Translated from the Argentinian Spanish by César Albarrán-Torres

The film of the future will be even more personal than a novel, individual and autobiographical, like a confession or an intimate diary. Young filmmakers will express themselves in the first person and tell us about their personal experience: perhaps the story of their first love or something more recent, like their political standing, a journey, an illness, their conscription, their wedding, their latest holidays, and we will almost be forced to like it because it will be both believable and new. Tomorrow’s film won’t be made by public servants of the camera, but by artists for whom shooting a movie is an exciting and fantastical adventure. Tomorrow’s movie will be similar to its director, and the audience’s size will be proportionate to the amount of people that the director is friends with. Tomorrow’s film will be an act of love.

– François Truffaut1

The prophecy was fulfilled. Thanks to digital technologies, access to the minimal resources required to shoot a film was democratised and the world became overpopulated with independent filmmakers.

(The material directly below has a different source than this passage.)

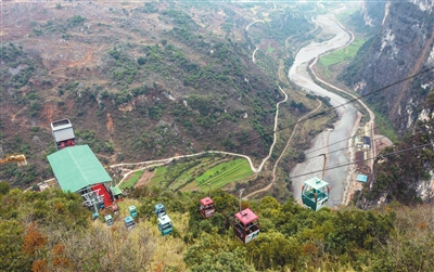 如今,當地的孩子先乘坐六七分鐘景區觀光車,轉乘觀光電梯垂直爬升268米,再換乘空中纜車爬升200余米,加上步行,半小時就能到學校。

The hope inherent in these films that are “similar to its director” was a call for thematic and formal singularity that would oppose the French cinema of the time, which was dying at the hands of “false legends”. The sense of intimacy would make these films original and believable: in short, true. Unfortunately, all of these fragments of intimacy that our dear François idealised ended up being quite similar among them. The proliferation of these little film diaries stripped the genre of freshness. They stopped being surprising because they became, thanks to social media, the most popular form of interaction worldwide. We all spend too much time trying to manufacture a fictional narrative about ourselves through these platforms. Even Facebook generates small automatic films compiling and putting music to the images we upload to celebrate our anniversary or the friendship we share with another Facebook user. Truffaut’s dream turned into a nightmare in which the world’s most powerful corporations make money exploiting the intimacy and desires of their users. Truffaut was wrong about the treatment, but not about the diagnosis. If the road towards intimacy became a mass experience, it is necessary for contemporary art to problematise it and look for answers.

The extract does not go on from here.